|
481-69.25 – Tenant Documents
481-69.25 requires assisted living programs to document and maintain the documentation for each tenant including:
- An occupancy record which includes demographic information for the tenant. The minimum requirements include their name; date of birth; home address; any identification number(s); date of occupancy; the name, address and telephone number of all health professional(s); diagnosis; the name, address, and telephone number(s) of family, friends, or other designated individuals to contact in an emergency.
- Application form(s)
- Initial evaluations and updates
- Nutritional assessments as necessary
- Initial service plan and updates
- Signed authorizations for:
- Permission to release medical information, photographs, or other media information as necessary
- Permission to receive emergency medical care as necessary
- Release of information, if any
- Signed managed risk policy and any consensus agreements
- When personal or health-related care is delegated to the program, the medical information sheet, health professionals’ orders, and nurses notes written by exception
- Medication lists based on rules in 481-67.5
- Advance health care directives
- A complete copy of the occupancy agreement and any updates
- A written acknowledgement of tenant’s rights
- Copies of guardianship, durable power of attorney for health care, power of attorney, or conservatorship, or any other documentation of a legal representative
- Incident reports including but not limited to:
- Medication errors
- Accidents
- Falls
- Elopements
- The rule indicates that these need to be completed but are not required to be maintained in the tenant’s record.

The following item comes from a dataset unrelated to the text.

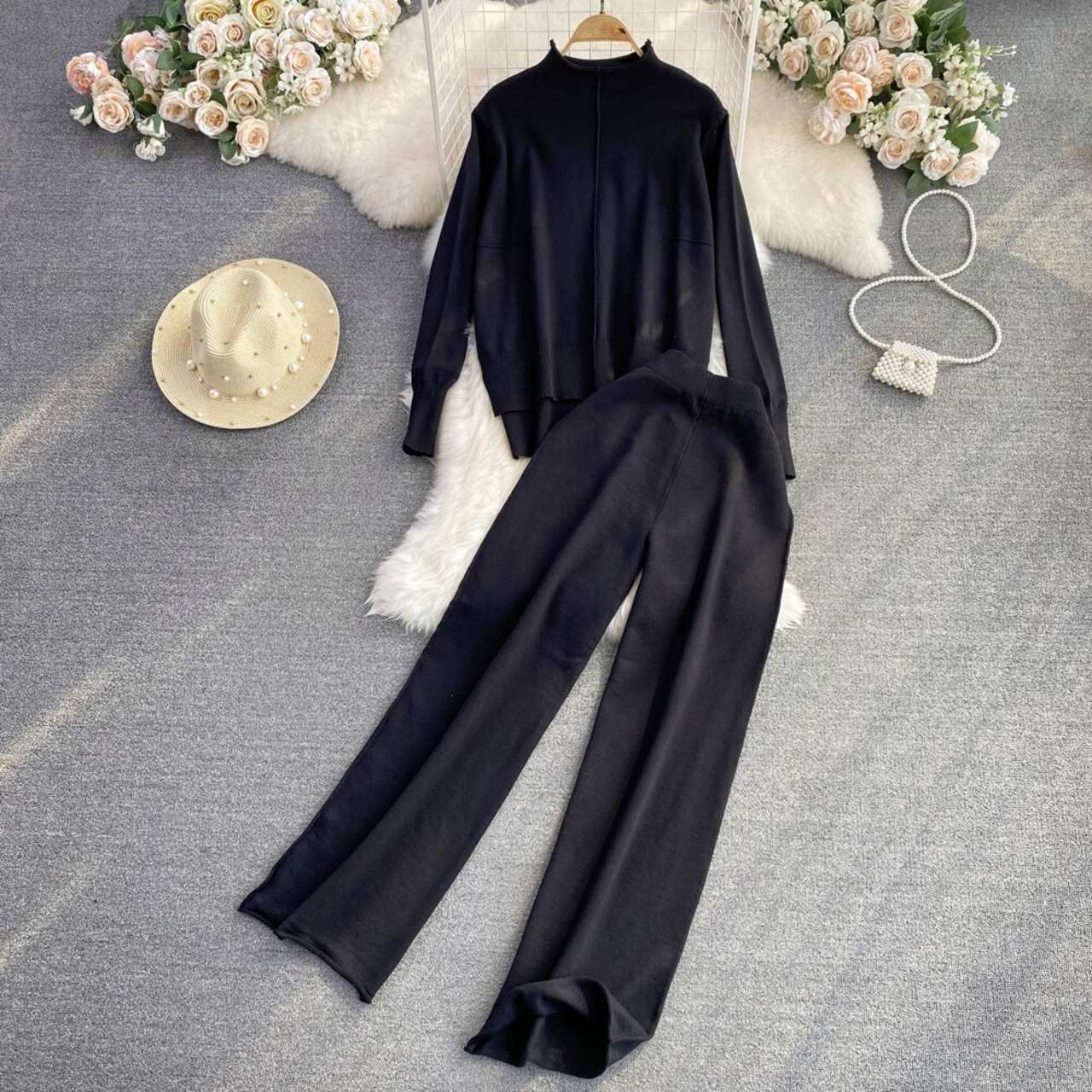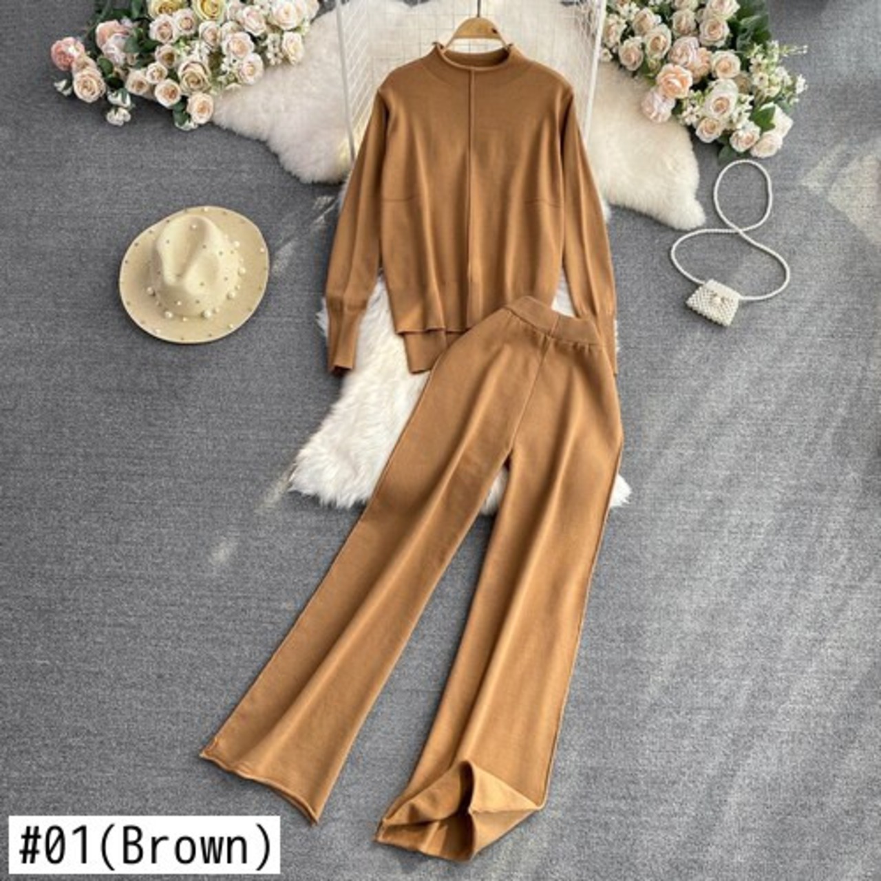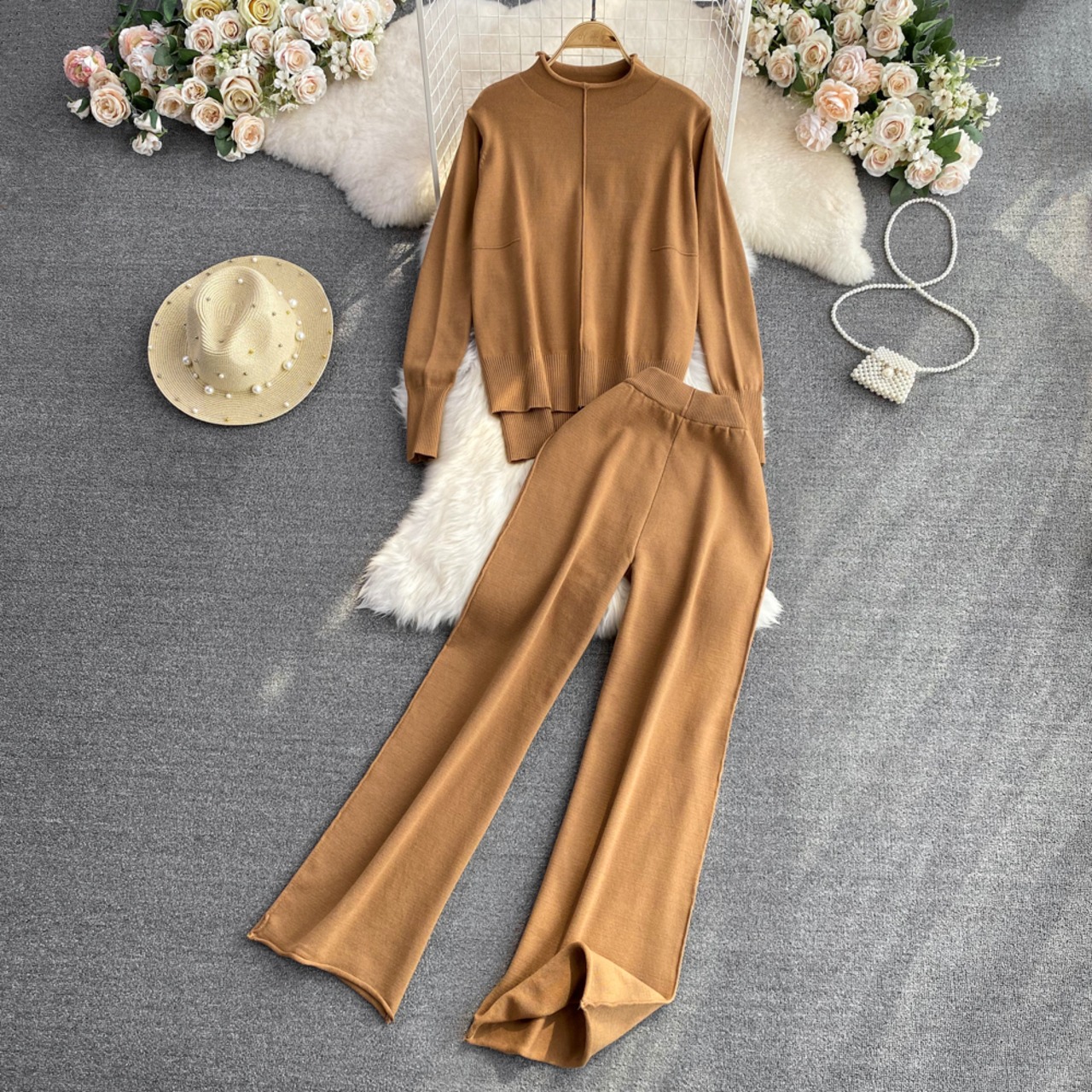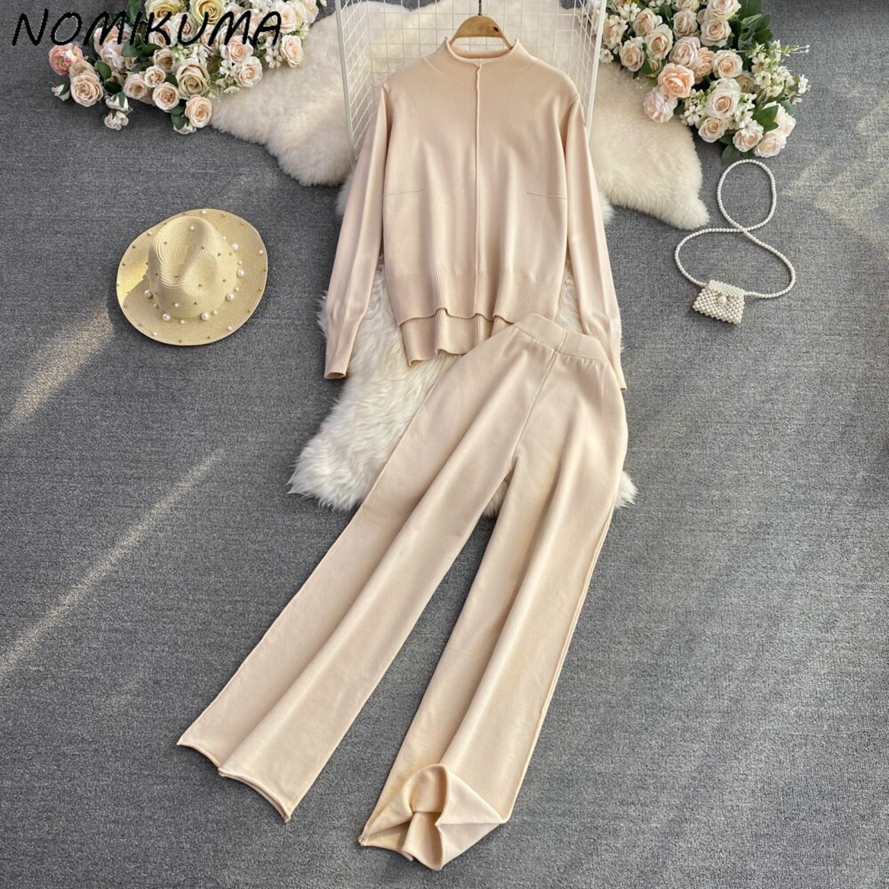 Nomikuma 2点セット レディース 衣装 ニット 半襟 長袖 プルオーバー ニット + ウエスト ワイドレッグ セーターパンツ ロング ワイドパンツ kor45960517006

- Copy of waivers for admission/retention criteria
- When the tenant is unable to advocate on their own behalf, or they have multiple service providers, accurate documentation must be maintained of routine personal or health-related care on task sheets. If tasks are physician ordered, they must be a part of the Medication Administration Record (MAR)
The rules also require that all tenant records be maintained for not less than three years after the transfer, discharge, or death of a tenant and protected from loss, damage and unauthorized use.
This rule is commonly cited; however, the examples of insufficient practices vary. More common examples of insufficient practices include but are not limited to:
- When nurses’ notes are not documented by exception.
- Records are not completed and/or are not maintained for a period not less than 3 years after discharge or death.
- Copies of records including occupancy agreements, evaluations, and/or service plans are not available for review.